The following table (Figure 1) lists some options for third party support of web content extraction:

Figure 1

We could start will a relatively recent web scraper first that has a license where we can update as we please, without needing to expose our internal code or pay a royalty. Most of the technologies listed are defunct, with a few still currently maintained. Out of all the choices, after brief research, JSoup seems to be the best option (with limited time for this project) based on the following criteria:

Free
MIT License
Source available on GitHub
Actively Maintained
Relatively mature codebase
Simple interface with a sophisticated parser
Lightweight (no external dependencies)

If we want, as we update the source of the third party with fixes and features, we may want to issue pull requests on the existing third party library so that they can integrate our changes to their main trunk.

Legal Pitfalls
This is a just a quick note that web scraping is considered a legal grey area even though there is no definitive case law or statutes on the subject. Some providers maintain their robots.txt file to give instructions about their site to web crawling bots. This is called The Robots Exclusion Protocol. In reality, most of the time the robots.txt file is ignored. This behavior could be considered a violation of the Terms of Service (ToS) for the websites which can lead to possible action taken by the providers.

Environment
The following list represents all of the tools and third party libraries that I used for this project.
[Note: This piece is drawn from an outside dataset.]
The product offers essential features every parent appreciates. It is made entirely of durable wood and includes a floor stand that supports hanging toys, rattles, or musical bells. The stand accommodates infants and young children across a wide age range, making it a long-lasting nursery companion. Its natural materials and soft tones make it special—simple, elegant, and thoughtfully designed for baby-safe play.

Hardware: Acer Aspire V3-771 laptop; 8 GB of RAM; Intel i7 2.2Ghz (8 cores)
OS: Windows 7 Home Premium Edition (64 bit)
IDE: Eclipse IDE for Java EE Developers (Mars 1 release)
DB: MySQL Community Server (GPL) v5.7.9; Needed Visual C++ Redistributable Package Visual Studio 2013 (64bit); Python 3.4.3
VCS: Git v1.9.4; SmartGit v7.0.3
Build: Maven
Third Party Libraries:
1. JSoup v1.8.3
2. MySQL-Connector-Java v5.1.37
Java Version: Java SE Development Kit 8u66

Data Model
I used MySQL Workbench to create the following data model (Figure 2):

Figure 2

The ExtractionJobTable table represents all of the jobs that need to be processed by the ExtractionService (discussed in the next section). There are four columns in the ExtractionJobTable table: idExtractJobTable, extractJobDateTime, extractJobURL, and IsProcessed. The idExtractJobTable column has a data type of an unsigned INT with auto incrementing because this column represents the primary key for this table. The extractJobDateTime column has a data type of DATETIME to represent the date and time that this particular record was added. This acts as an audit trail to determine why certain jobs failed or to sort them by priority based on recently added. The extractJobURL column has a data type of TEXT which represents the URL to be processed by the extraction service and should be able to accommodate any URL length (2^16-1 bytes or 64 KB). The IsProcessed column has a date type of TINYINT(1) to represent either this job has been processed (TRUE) or not (FALSE).
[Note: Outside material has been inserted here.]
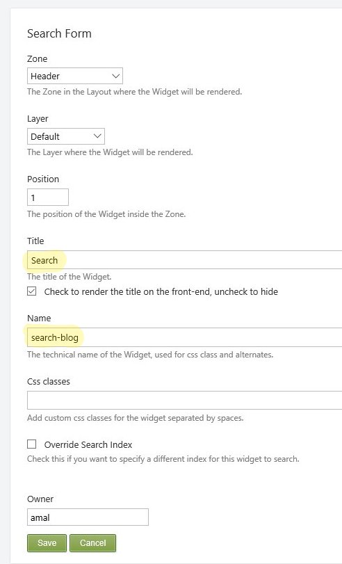 When you click on the Search Form widget, you will taken to the configuration page where you need to give a Title and Name which are mandatory along with other options for Zone and Layer
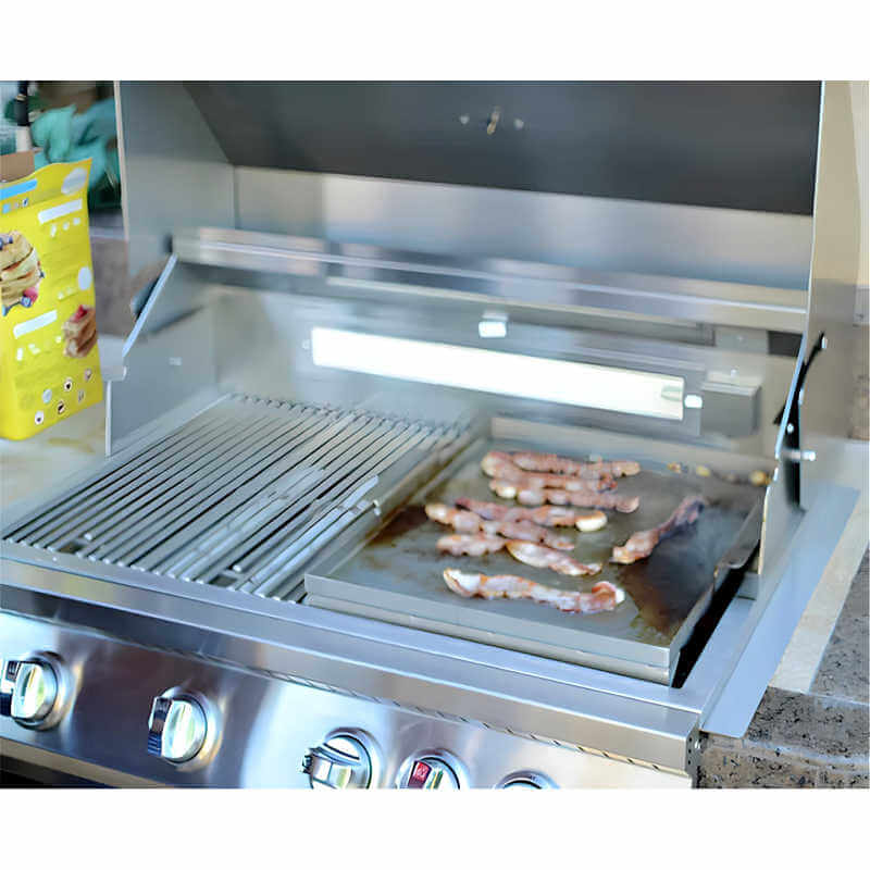 The ceramic briquette flame tamer system ensures even heat distribution while reducing flare-ups and protecting the burners from grease. Combined with a dual-walled grill hood, it helps maintain steady internal temperatures and prevents heat distortion for reliable performance.

The ExtractionTable table represents all of the records created by the ExtractionService (discussed in the next section) that has the extracted text scraped from the URL. There are four columns in the ExtractionTable table: idExtractionTable, extractionDateTime, extractionURL, and extractionText. The idExtractionTable column has a data type of an unsigned INT with auto incrementing because this column represents the primary key for this table. The extractionDateTime column has a data type of DATETIME to represent the date and time that this particular record was added. This acts as an audit trail to determine why certain jobs failed or to sort them by priority based on recently added. The extractionURL column has a data type of TEXT which represents the URL to be processed by the extraction service and should be able to accommodate any URL length (2^16-1 bytes or 64 KB). The reason we do not have a foreign key here is because the ExtractionJobTable jobs are transient and can be deleted at any time. The extractionText column has a data type of LONGTEXT which should be sufficient to cover most data extraction as LONGTEXT represents a length of 2^32-1 bytes or 4 GB.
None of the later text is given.